October 31st, 2012 | 1 Comment | Categories: Musing on Music · New Music Strategies |

picture of money by Alejandro Jopia from Flickr, used under a CC license. Via Twitter, I just saw this article from The Atlantic Wire.

The headline reads “There’s No Money in Indie Music: Cat Power Is Broke”

As a pair of statements, the former supposedly being proved by the latter, it’s disingenuous nonsense – there’s clearly LOADS of money to be made from an indie record landing in the top 10… But there are some massive questions over why the artist who made the record isn’t getting enough of it to live on. This article answers pretty much none of those, so the ‘sky is falling’ conclusion encapsulated in the title is nonsense.

What’s far more likely to be true is that ‘chart success’ costs more than it makes. The kind of marketing/promo push that any label does if that’s their target is so insanely expensive and wasteful, that there’s nothing left over to actually pay the artist.

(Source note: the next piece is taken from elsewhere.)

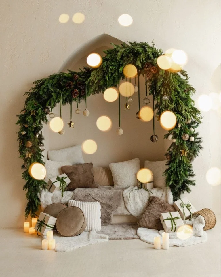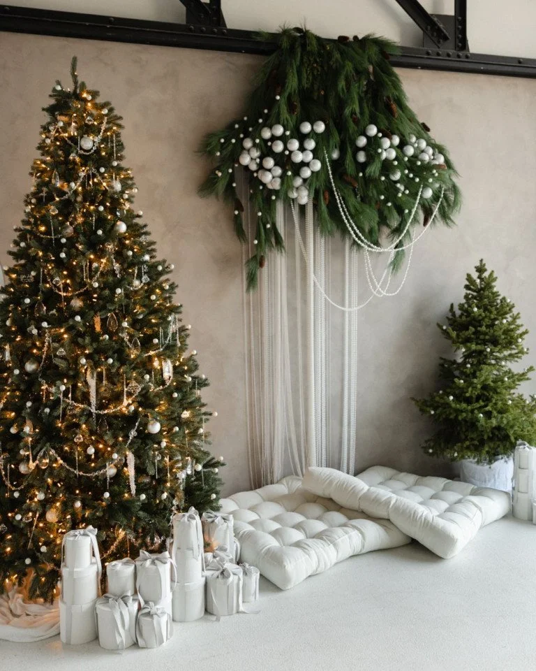 Choose from 3 stunning holiday setups — from classic cozy living rooms to whimsical modern backdrops.

This too is conjecture, but it’s a darn sight more likely than the assertion that a record that lands in the US top 10 has made no money…

Those of us who value sustainability over the lottery of spending big to try and make it back on chart-style success just don’t spend that money in the first place. We rely on word of mouth, on slow growth and on the ability to keep making new music as our method for getting the word out and growing an audience. There’s nothing inevitable about the ‘need’ to spend ruinous amounts on radio pluggers, magazine ads, billboards, spotify ads, cover-mount CD promos… If you manage your own career, all of those things can be measured on their own merits per project, and the people who perform those services can be asked for some kind of evidence of ‘return on investment’ before working with them, …unless they are all ‘in house’ services provided by your label who bill you for them (meaning: recoup them from earnings on the record before you start getting any money from it) without asking for your agreement on any of it…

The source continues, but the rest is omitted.